Mom has been gone for three years. Dad has been gone for 11. This year’s table will hold one less as well, with the untimely passing of my nephew-in-law. He leaves behind a wife (my niece) and three daughters. When all my family is present, the table seats around 45.

This year’s Thanksgiving table will seat three: my husband, my daughter and myself.

Don’t get me wrong. I want the big gathering, but I don’t want it this year. This is the year we stay cozy inside, assembling smaller versions of Thanksgiving, teaching ourselves discipline in the face of crisis.
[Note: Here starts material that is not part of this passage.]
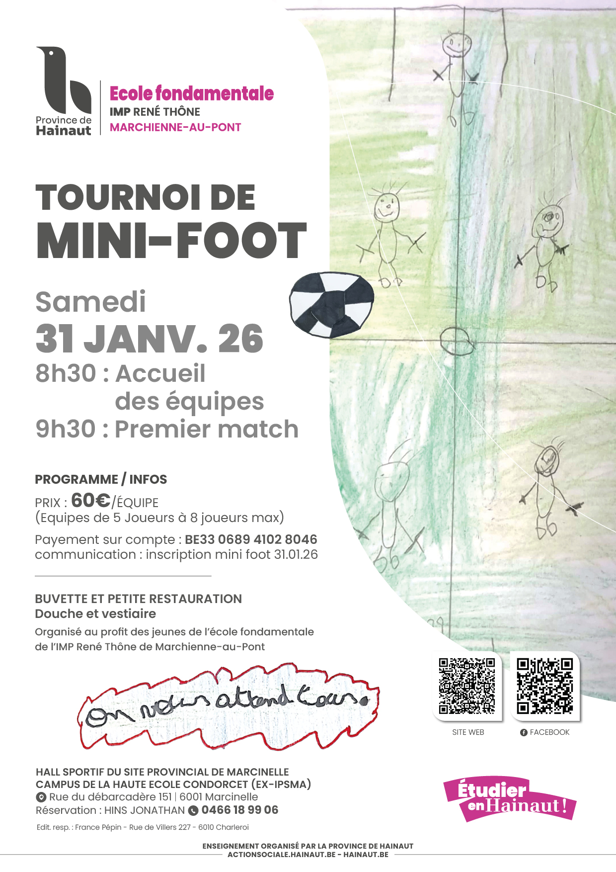 Que vous soyez sportif ou pas, n’hésitez pas à participer à l’annuel tournoi de mini-foot organisé par l’école fondamentale provinciale de l’IMP René Thône de Marchienne-au-Pont !

This isn’t the year to buck the admonitions and throw caution to the wind. In normal years that aren’t 2020, I’d tell you to do what you want, that it’s your choice. But this year isn’t that year, not this one.

My ire rises sharply when I hear phrases that tell me to “just pray harder” or “your faith must be stronger” in the face of an illness so severe it’s taken upward of 250,000 people since last winter. I want to shout back, “Have those that died not prayed hard enough? Or was their faith too weak?” And then I let the breath out of my lungs as I seek to regain my composure, allowing those words to float up into the ether.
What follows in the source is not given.